Solving $\sqrt3\;\cos(x)= \sin\;(\frac {x}{2})$

Question

I'm currently stuck on this trigonometric equation:

$$\sqrt3 \;\cos(x)= \sin\;(\frac {x}{2})$$

Here's what I've tried so far (2 methods):

Method n.1
$$\sqrt3 \;\cos(x)= \sin\;(\frac {x}{2})$$
$$\sqrt3 \;(1-\sin^2x)= \sin\;(\frac {x}{2})$$
$$\sqrt3-\sqrt3\;\sin^2x= \sin\;(\frac {x}{2})$$
$$2\sqrt3-2\sqrt3\;\sin^2x- \sin\;x=0$$

$$// \; let\; \sin \;(x)=y \;//$$

$$2\sqrt3-2\sqrt3\;y^2- y=0$$
$$y=\frac {1\pm\sqrt{1^2-4(-2\sqrt3)(2\sqrt3)}}{2(-2\sqrt3)}$$
$$y=\frac {1\pm\sqrt{1^2(8\sqrt3)(2\sqrt3)}}{-4\sqrt3}$$
$$y=\frac {1\pm\sqrt{1^2+16\times3}}{-4\sqrt3}$$
$$y=\frac {1\pm\sqrt{49}}{-4\sqrt3}$$
$$y=\frac {1\pm7}{-4\sqrt3}$$

$$y_1=\frac {1+7}{-4\sqrt3}=\frac{-2}{\sqrt3}=\frac{-2\sqrt3}{3}$$
$$y_2=\frac {1-7}{-4\sqrt3}=\frac{-3}{-2\sqrt3}=\frac{\sqrt3}{2}$$

$$\arcsin(\frac{-2\sqrt3}{3})=\nexists$$
$$\arcsin(\frac{\sqrt3}{2})=60°$$

$$x_1= 60°+360°k$$
$$x_1= 120°+360°k$$

Method n.2
$$\sqrt3 \;\cos(x)= \sin\;(\frac {x}{2})$$
$$\sqrt3 \; \cos(x)=\pm \frac{\sqrt{ 1-cos (x)}}{2}$$

Any help is appreciated, thank you in advance! 😀

Answer 1

We begin with $\sqrt{3}\cos(x)=\sin(\frac{x}{2})$. We can start by using our half-angle formula to replace $\sin(\frac{x}{2})$ with $\sqrt{\frac{1-\cos(x)}{2}}$. Making the substitution and squaring both sides, we now see that $3\cos^2 (x)=\frac{1-\cos(x)}{2}$. Multiplying both sides by $2$, we get $6\cos^2(x)=1-\cos(x)$, and rearranging the equation, we get $6\cos^2(x)+\cos(x)-1=0$.

Now we can say that $y=\cos(x)$. This turns the equation into $6y^2+y-1=0$. This is an elementary quadratic equation, the solution of which is $y=\frac{-1\pm\sqrt{1^2-4(6)(-1)}}{2(6)}=\frac{-1\pm5}{12}$, or $y=\frac{1}{3}$ and $y=\frac{-1}{2}$.
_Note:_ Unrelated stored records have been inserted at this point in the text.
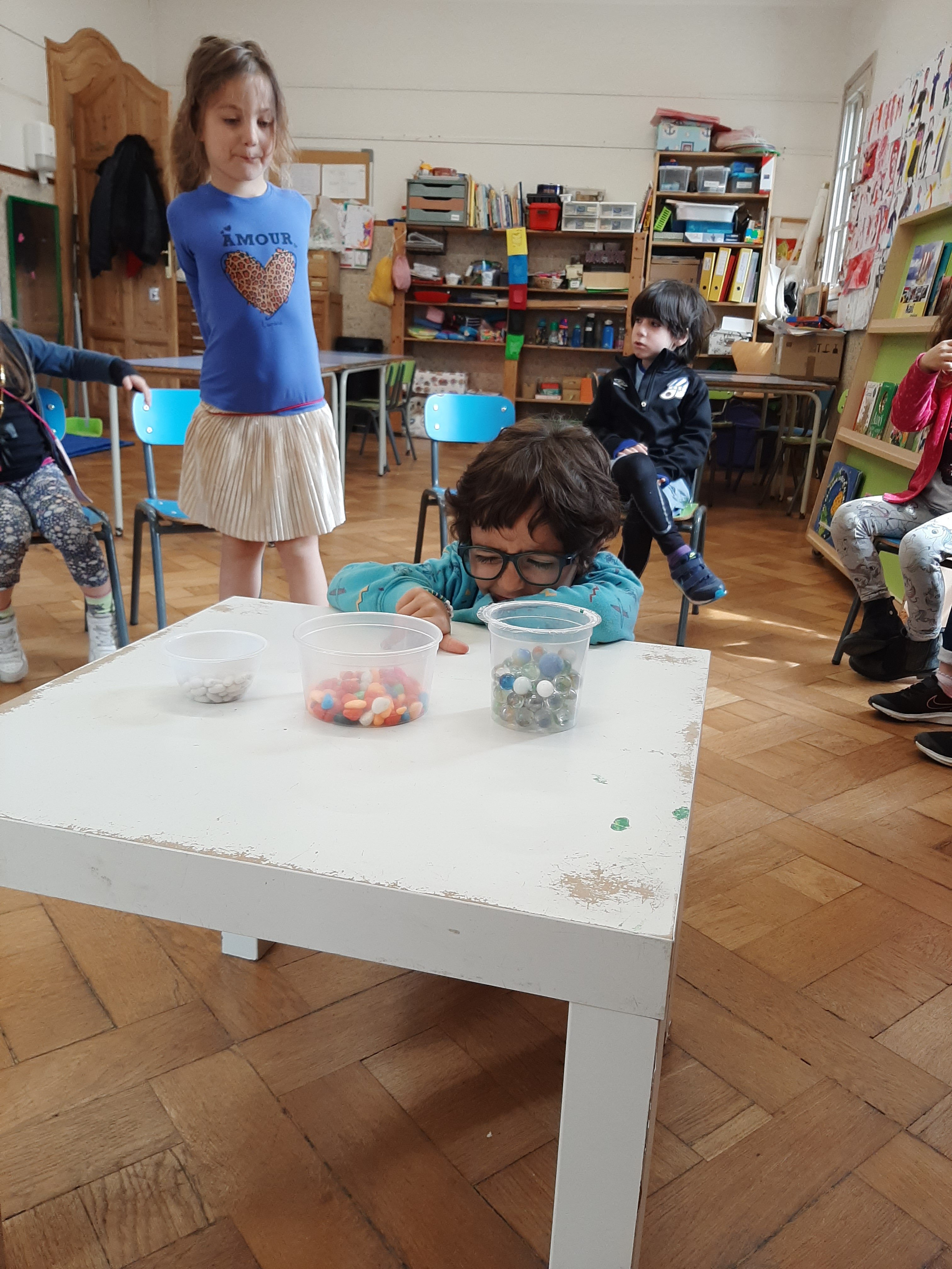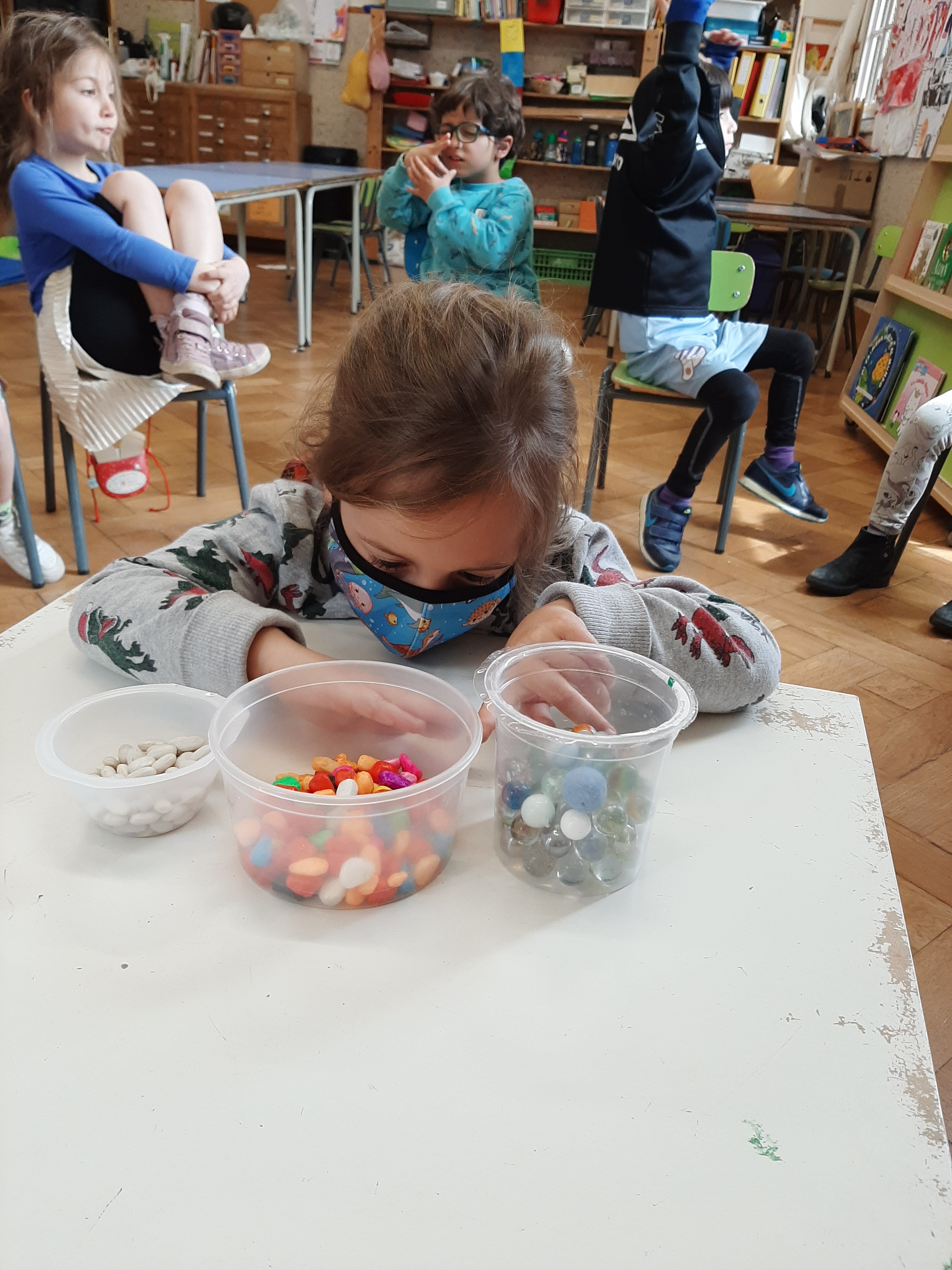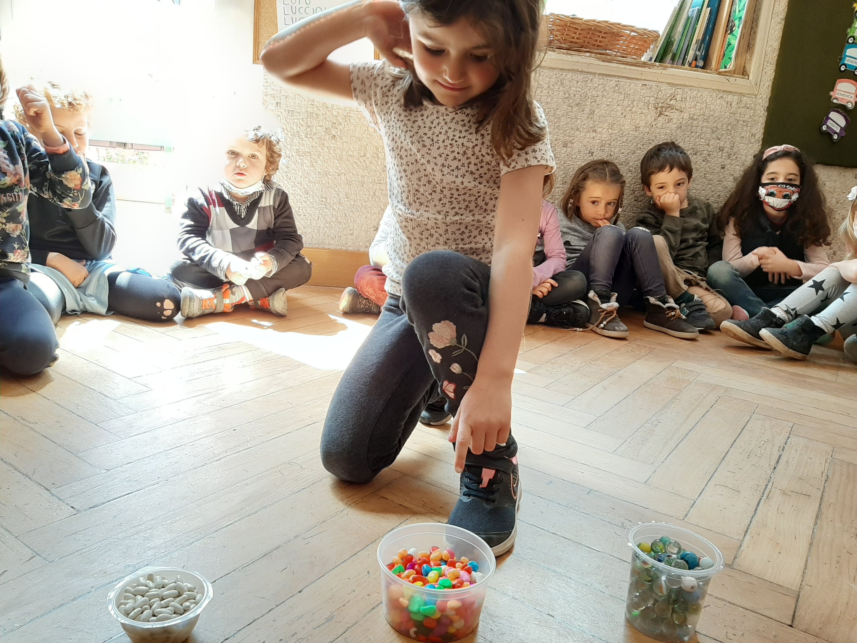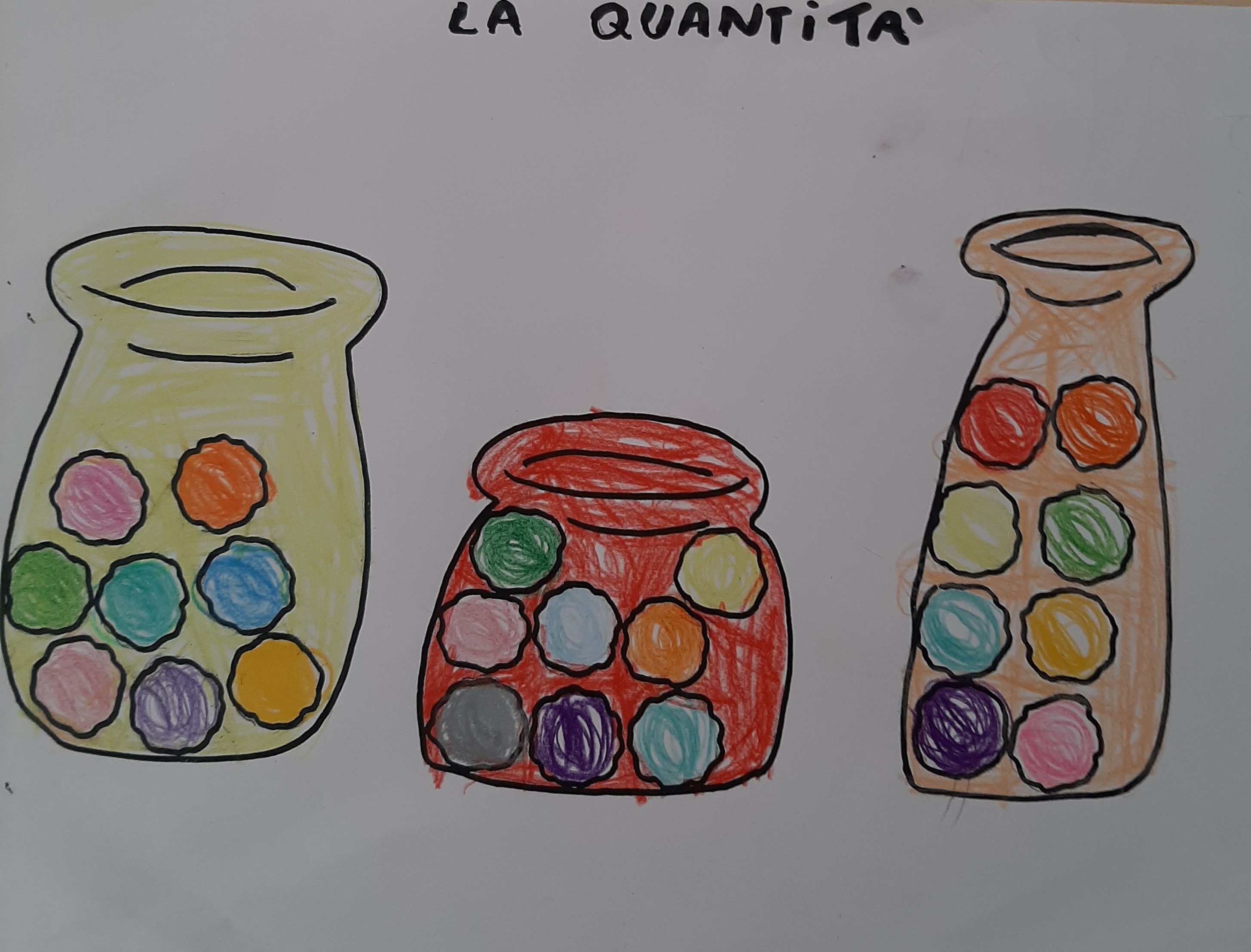 Utilizzando differenti materiali come biglie, sassolini, acqua o sabbia abbiamo fatto degli esperimenti con contenitori di diverse forme e dimensioni. Cosí abbiamo scoperto che, per esempio, la stessa quantitá di biglie, di acqua o di sabbia sembra di piú o di meno a seconda della grandezza o altezza del barattolino che la contiene. Che buffo effetto ottico! Quindi abbiamo capito l’importanza delle misure di capacitá!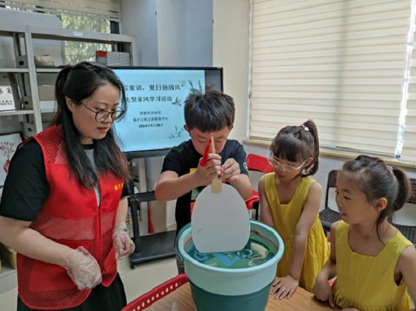 为了弘扬中华优秀传统美德,传承优良家风家训,带领辖区少年儿童体悟古圣先贤良好的家庭教育之风,2024年5月25日上午,国泰民安社区联合扬子文化交流服务中心在社区群众文化中心开展了一场“扇上写家训,夏日扬清风”古圣先贤家风学习,让社区青少年在问答中学习优良家风家训,体会传统美德的魅力。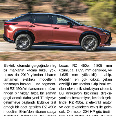 Lexus RZ 450e, 4.805 mm uzunluğa, 1.895 mm genişliğe, ve 1.635 mm yüksekliğe sahip. Modelin en çok dikkat çeken özelliği One Motion Grip ismi ve-rilen elektronik direksiyon sistemi. Bu direksiyon bildiğimiz direksiyonlara benzemiyor, kelebek şek-linde. RZ 450e, 2 elektrikli motor ve dört tekerlekten çekiş ile gelecek. Ön motor 204 HP güç üretirken arka motor ise 109 HP güç sağlıyor. Toplamda 313 HP güç ve 435 Nm tork ortaya çıkıyor.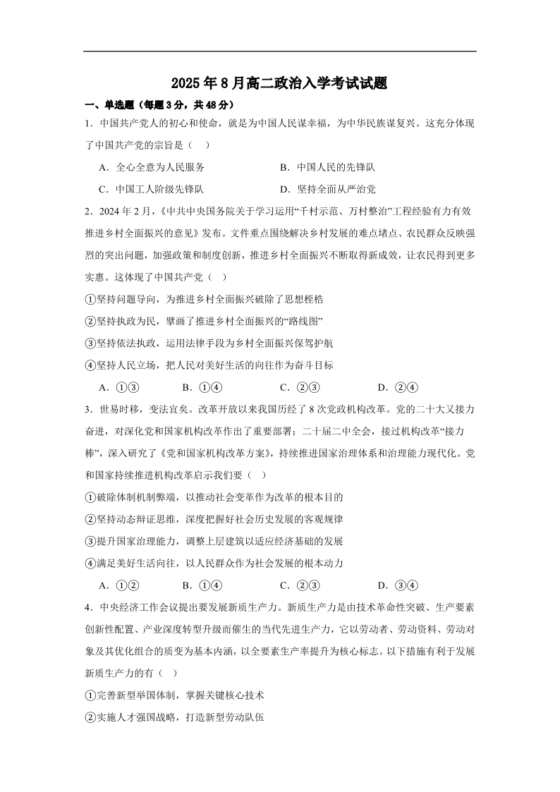 湖南省岳阳市汨罗市第二中学2025-2026学年高二入学考试 政治试题(含答案).pdf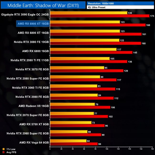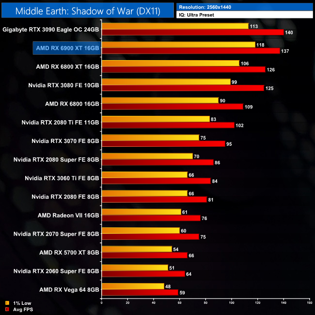 As for Middle Earth: Shadow of War, things look promising for the 6900 XT at 1440p, where it is 10% faster than the RTX 3080, and only 2% behind the RTX 3090.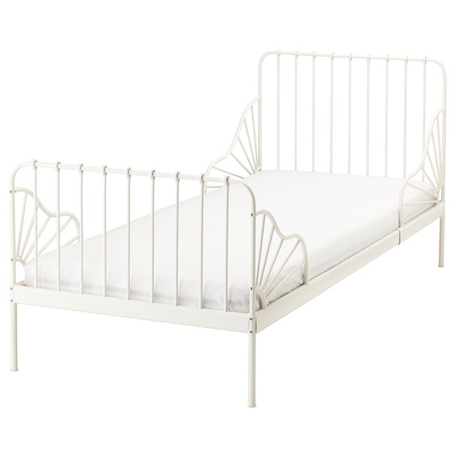 This extendable bed adjusts in length to accommodate your child's growth, providing a practical sleeping solution. It features a slatted bed base, included in the price and packaged separately, and its classic appearance blends easily with a range of furniture styles. Mattress and bedding are sold separately. The bed's static load capacity is designed for sleeping or sitting. For safe use, ensure a proper distance from the wall and avoid attaching hooks or ropes where children could get caught. Designed for compatibility with IKEA frames.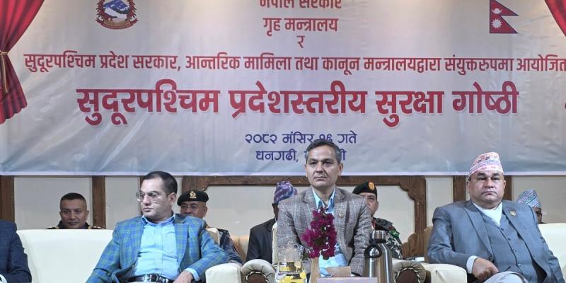 गृह मन्त्रालय र सुदूरपश्चिम प्रदेशको आन्तरिक मामिला तथा कानुन मन्त्रालयको संयुक्त आयोजनामा धनगढीमा मंगलबार सुरू भएको सुदूरपश्चिम प्रदेश स्तरीय सुरक्षा गोष्ठीको उद्दघाटन गर्दै मन्त्री अर्यालले यस्तो बताएका हुन्।

If $y=\cos(x)$, then of course, $x=\arccos(y)$. And so, $x=\arccos(\frac{1}{3})\approx1.231$ and $x=\arccos(\frac{-1}{2})=\frac{-2\pi}{3}$.

One thing briefly to note is that there's a small amount of strangeness here due to the fact that $\cos(x)=\cos(-x)$. Specifically, a calculator will tell you that $\arccos(\frac{-1}{2})=\frac{2\pi}{3}$, which is true, but does not satisfy our given equation: $\sqrt{3}\cos(\frac{2\pi}{3})=\frac{-\sqrt{3}}{2}$ and $\sin(\frac{\pi}{3})=\frac{\sqrt{3}}{2}$. In order to remedy this, we switch the sign from positive to negative, keeping the value of the cosine expression negative while switching the sine expression's value to also be negative.